SFNF: Heinlein addenda from The Science Fiction Novel

Addenda to previous post.

Every time I write up notes based on my reading, something else lingers in the back of my mind that seems especially significant a day or two later. Here’s a couple from the Heinlein essay in THE SCIENCE FICTION NOVEL.

On page 19, he mentions among his examples of fantasy, “any story based on violation of scientific fact, such as space ship stories which ignore ballistics…” Star Wars, anyone? What would Heinlein think?

On a similar note, p29, he cautions that a writer of speculative fiction needs to keep himself informed.

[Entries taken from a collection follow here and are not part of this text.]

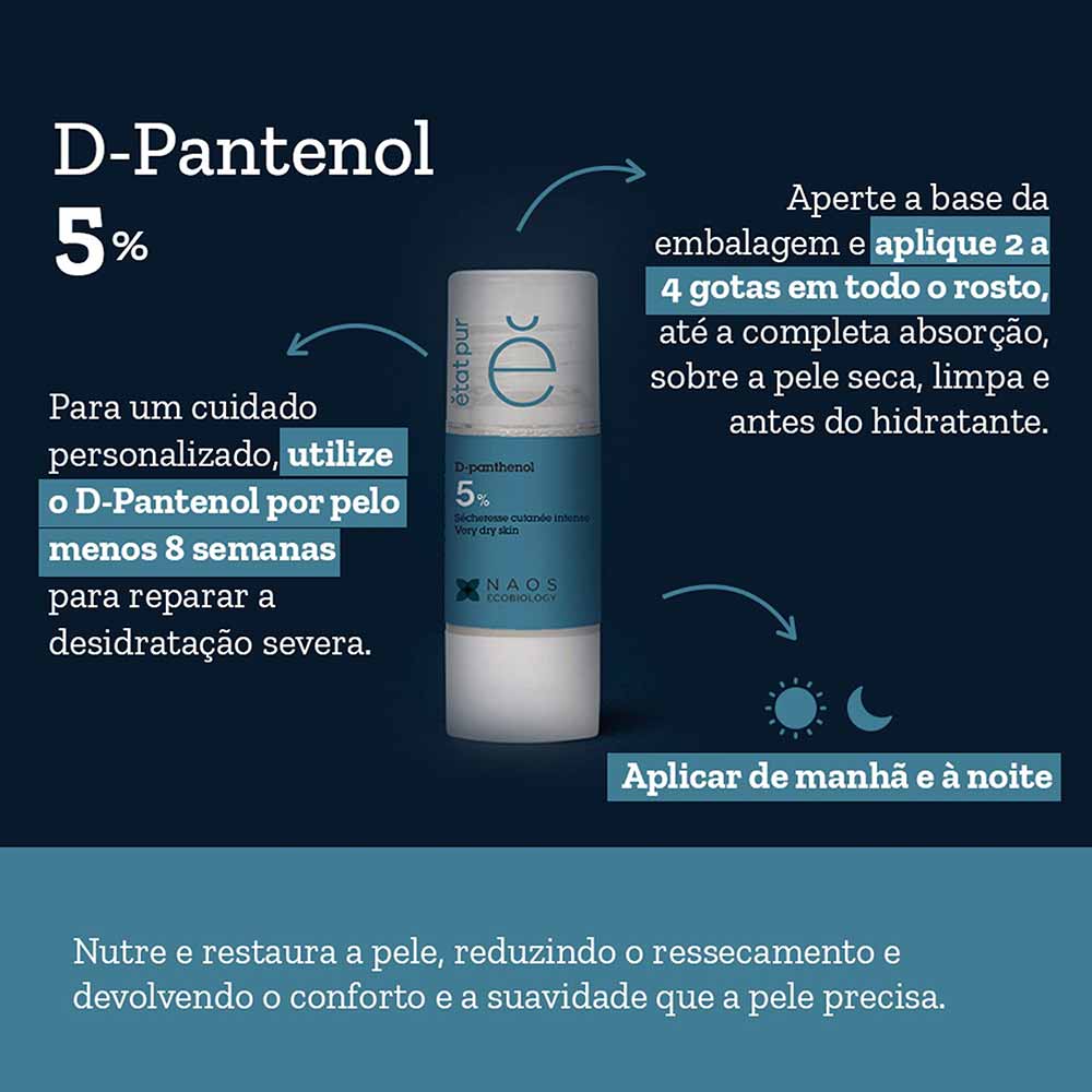 O D-Pantenol , ou Provitamina B5, é uma vitamina naturalmente presente na pele. Concentrado na dose certa, nutre e restaura a pele para reduzir significativamente o ressecamento da pele.
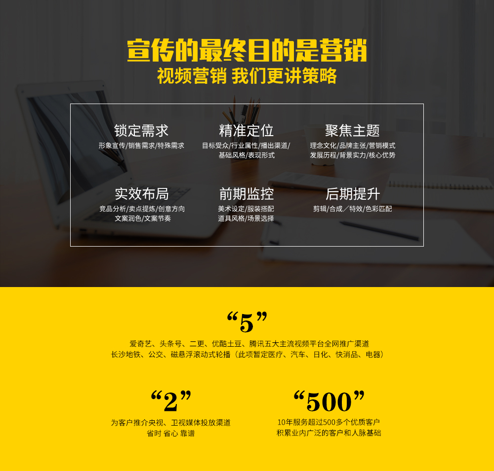 公司自成立以來,始終保持專業做事、精益求精的服務態度,從客戶角度出發,用心為客戶創造最合適的視聽產品,提供超越價值的影視服務,幫助客戶提升品牌形象,增加知名度,增強品牌競爭力。
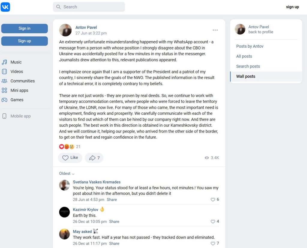 Antov took to social media and unconvincingly overexplained himself into a corner. He paid for his words with his life. Screenshot from vk.com

It is not enough to interlard an old plot with terms like “space warp,” “matter transmitter,” “ray gun,” or “rocket ship” with no knowledge of what is meant (if anything) by such terms, or how they might reasonably work.

This was perhaps a fair statement in 1957 — yet, on what bases did anyone in 1957 think a space warp or matter transmitter might work? Star Trek, anyone, only a decade later?

But the true point is that, here in 2017, we are surrounded by technology which virtually no one knows, except for the technicians who built individual items, how they work. This is another theme I’ve been teasing: in a sense we live in a world of magic. In Heinlein’s era, technical guys tinkered on their cars, or on radio transmitters, and might plausibly have repaired their TVs. Today? No way. Everything has gotten too complex. Technical guys tinker with apps, or play video games, but how many of them can fix their own cars?

A consequence of this is that all science fiction, especially the popular enterntainment SF Heinlein thought would never happen, depend on technological tropes, assumptions of technological devices that may or may not every appear, and no one pretends to understand how they might actually work.

On the other hand… we do see occasionally speculative physics developments that tease at the plausibility of matter transmitters and space warps. I’m not able to judge whether or not these are merely wishful thinking… based on reading and watching the science fiction of decades ago.